**Work instruction:** With the pictures left aside, write out exactly the lines of the listing below from the line with "Dark tan, white" to the line with "兒童房的原木元素則是體現(x", both included, and only those.

**Records to process:**
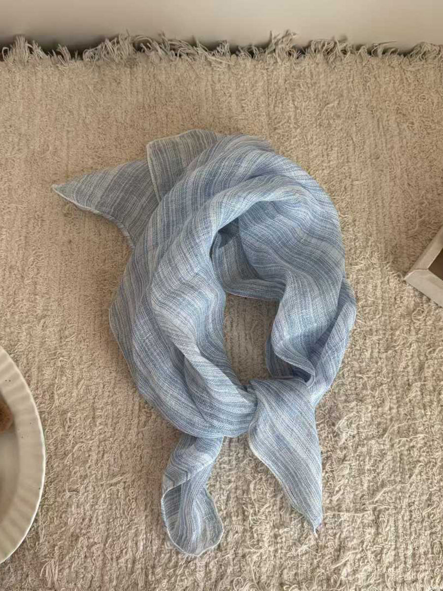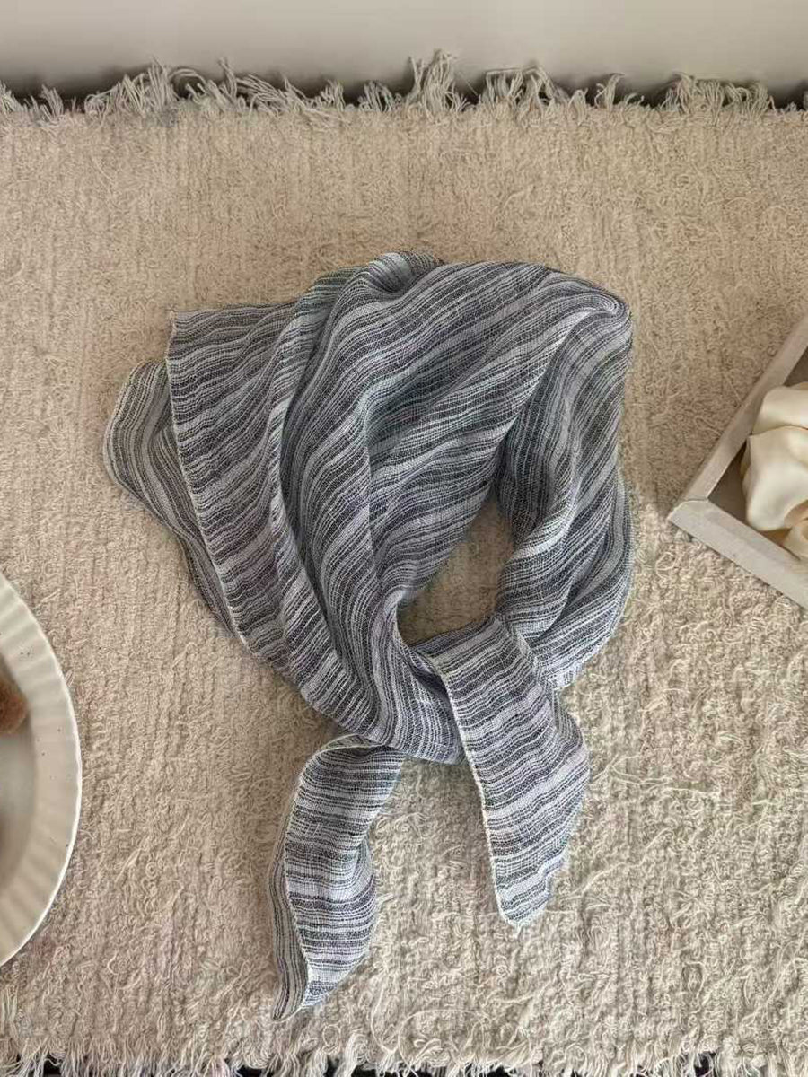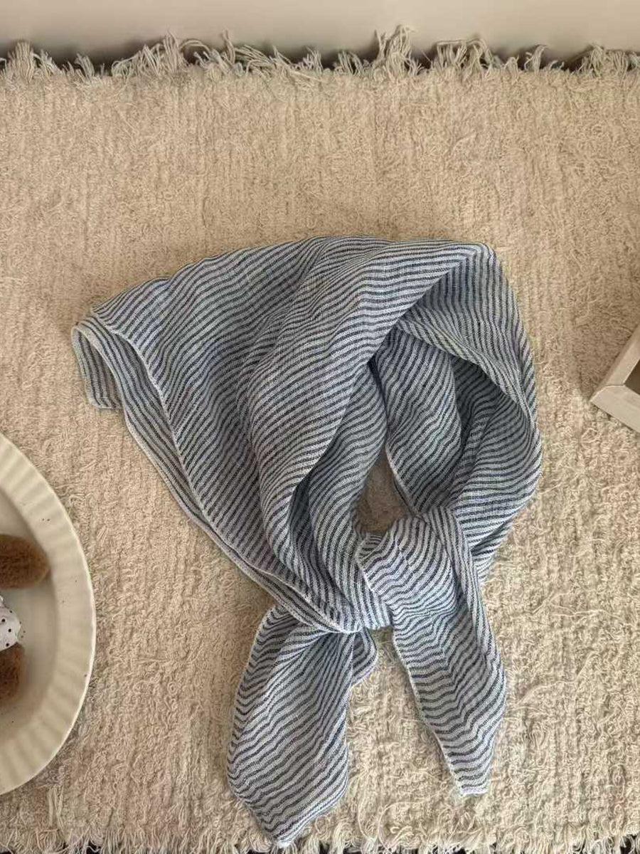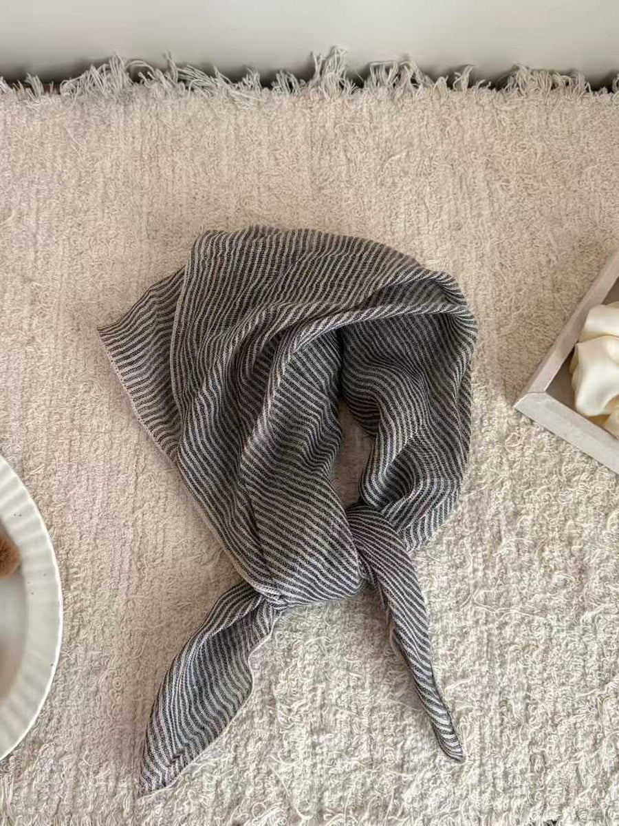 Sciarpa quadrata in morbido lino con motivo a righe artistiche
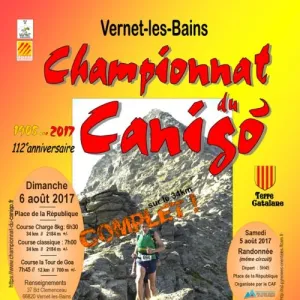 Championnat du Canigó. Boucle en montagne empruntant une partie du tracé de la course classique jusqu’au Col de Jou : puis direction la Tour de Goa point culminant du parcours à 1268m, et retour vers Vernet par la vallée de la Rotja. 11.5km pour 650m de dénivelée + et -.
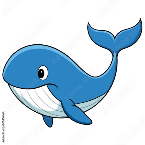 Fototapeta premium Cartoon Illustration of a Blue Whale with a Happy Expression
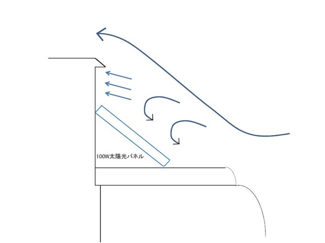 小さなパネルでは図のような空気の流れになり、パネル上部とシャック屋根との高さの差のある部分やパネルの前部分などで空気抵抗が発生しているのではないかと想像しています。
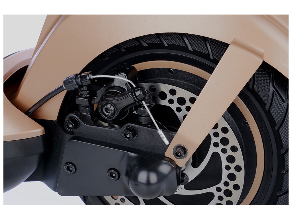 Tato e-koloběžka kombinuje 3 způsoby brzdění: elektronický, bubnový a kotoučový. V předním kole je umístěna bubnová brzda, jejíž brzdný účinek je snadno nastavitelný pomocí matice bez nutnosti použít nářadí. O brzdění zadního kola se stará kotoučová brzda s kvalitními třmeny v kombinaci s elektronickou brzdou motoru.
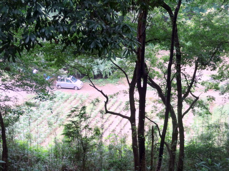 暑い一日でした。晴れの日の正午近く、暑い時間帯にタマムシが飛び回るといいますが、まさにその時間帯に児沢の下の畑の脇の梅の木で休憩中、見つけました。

==

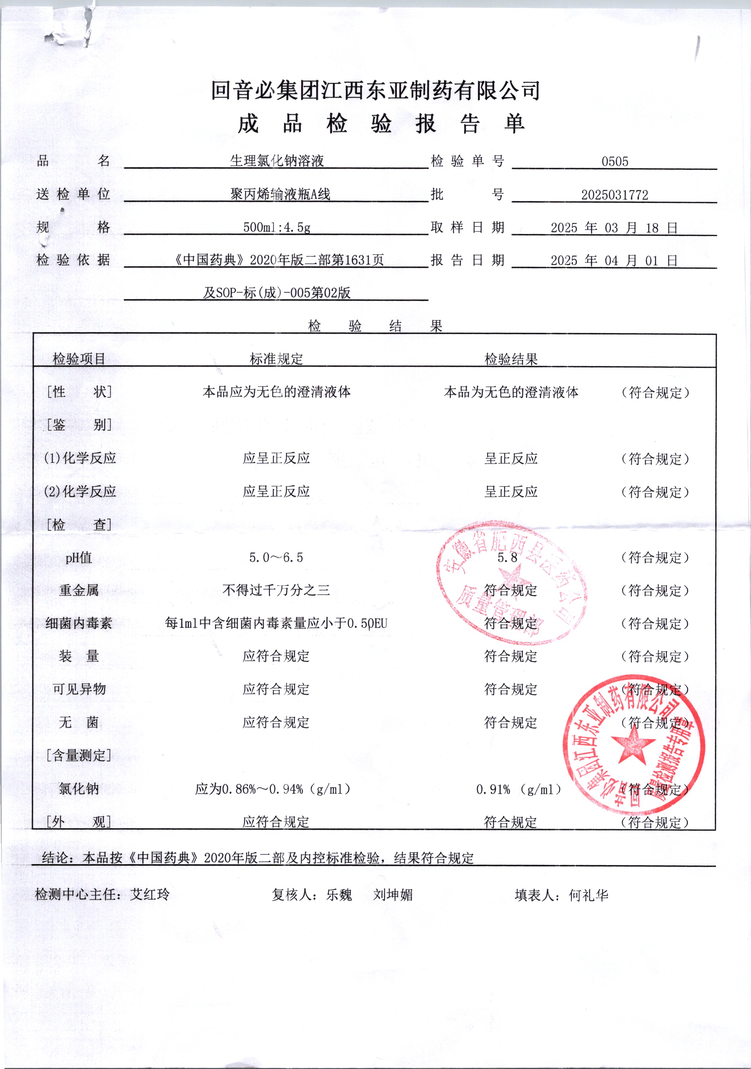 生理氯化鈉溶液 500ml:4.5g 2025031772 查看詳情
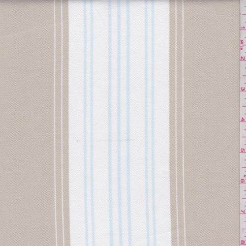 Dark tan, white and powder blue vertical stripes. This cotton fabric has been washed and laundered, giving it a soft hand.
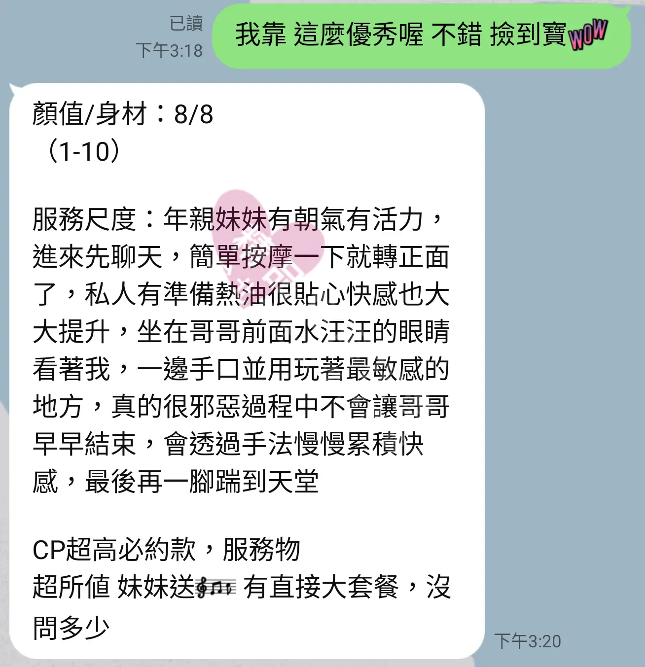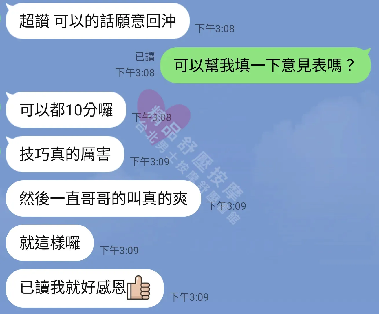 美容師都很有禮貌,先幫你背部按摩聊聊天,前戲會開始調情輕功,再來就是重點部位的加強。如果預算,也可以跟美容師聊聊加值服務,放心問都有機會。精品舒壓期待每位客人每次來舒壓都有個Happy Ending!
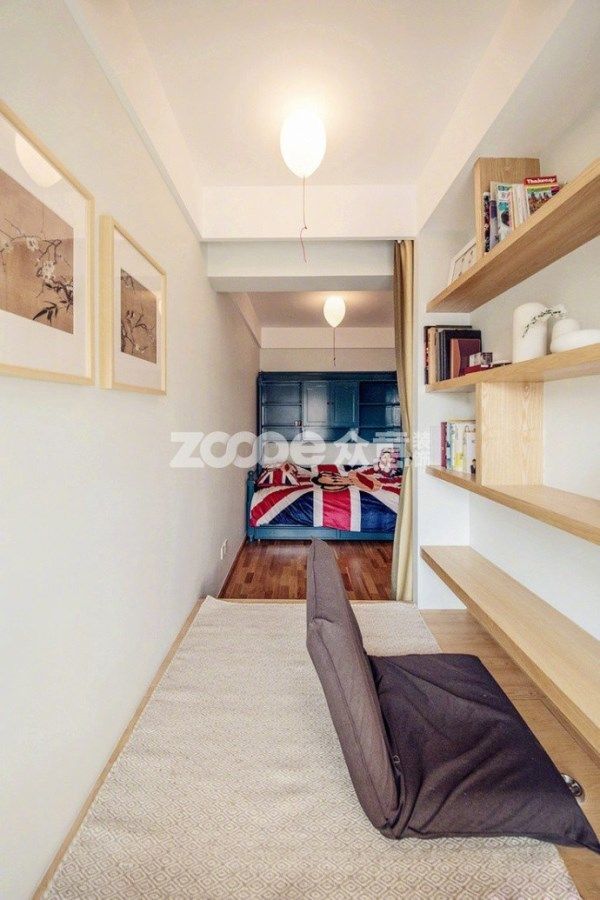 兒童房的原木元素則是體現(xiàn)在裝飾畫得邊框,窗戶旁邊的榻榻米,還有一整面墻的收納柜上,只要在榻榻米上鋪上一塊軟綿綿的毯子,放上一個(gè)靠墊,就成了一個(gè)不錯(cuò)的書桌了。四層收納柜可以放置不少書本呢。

* * *

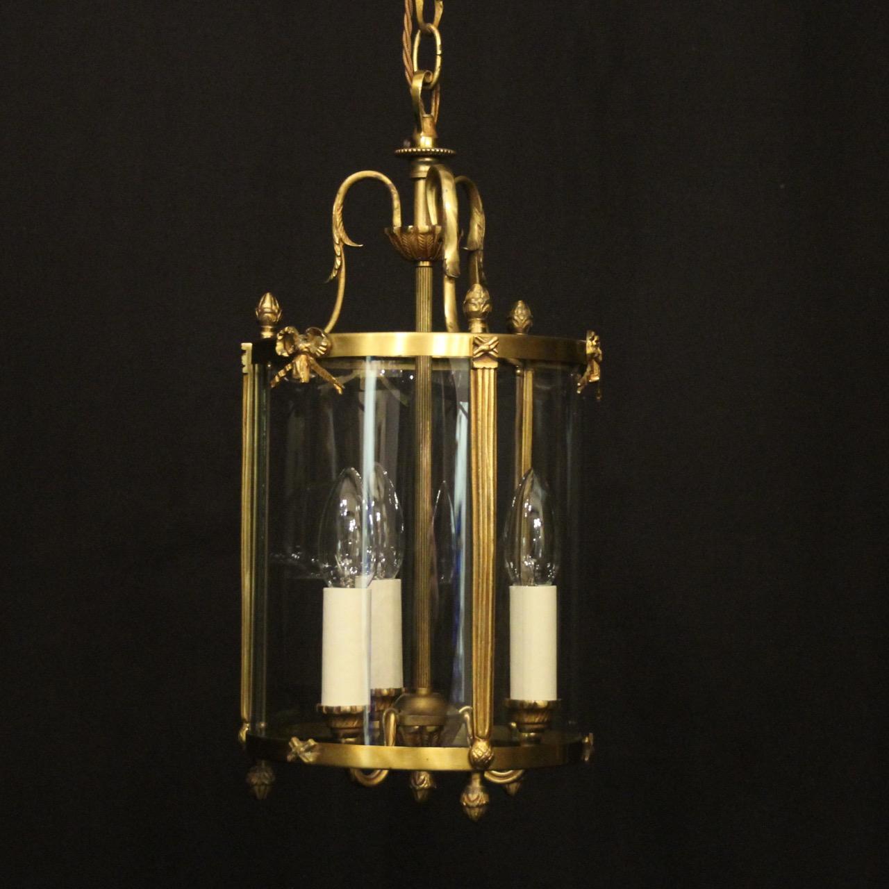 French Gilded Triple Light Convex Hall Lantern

**Answer to this task:**
 Dark tan, white and powder blue vertical stripes. This cotton fabric has been washed and laundered, giving it a soft hand.
 美容師都很有禮貌,先幫你背部按摩聊聊天,前戲會開始調情輕功,再來就是重點部位的加強。如果預算,也可以跟美容師聊聊加值服務,放心問都有機會。精品舒壓期待每位客人每次來舒壓都有個Happy Ending!
 兒童房的原木元素則是體現(xiàn)在裝飾畫得邊框,窗戶旁邊的榻榻米,還有一整面墻的收納柜上,只要在榻榻米上鋪上一塊軟綿綿的毯子,放上一個(gè)靠墊,就成了一個(gè)不錯(cuò)的書桌了。四層收納柜可以放置不少書本呢。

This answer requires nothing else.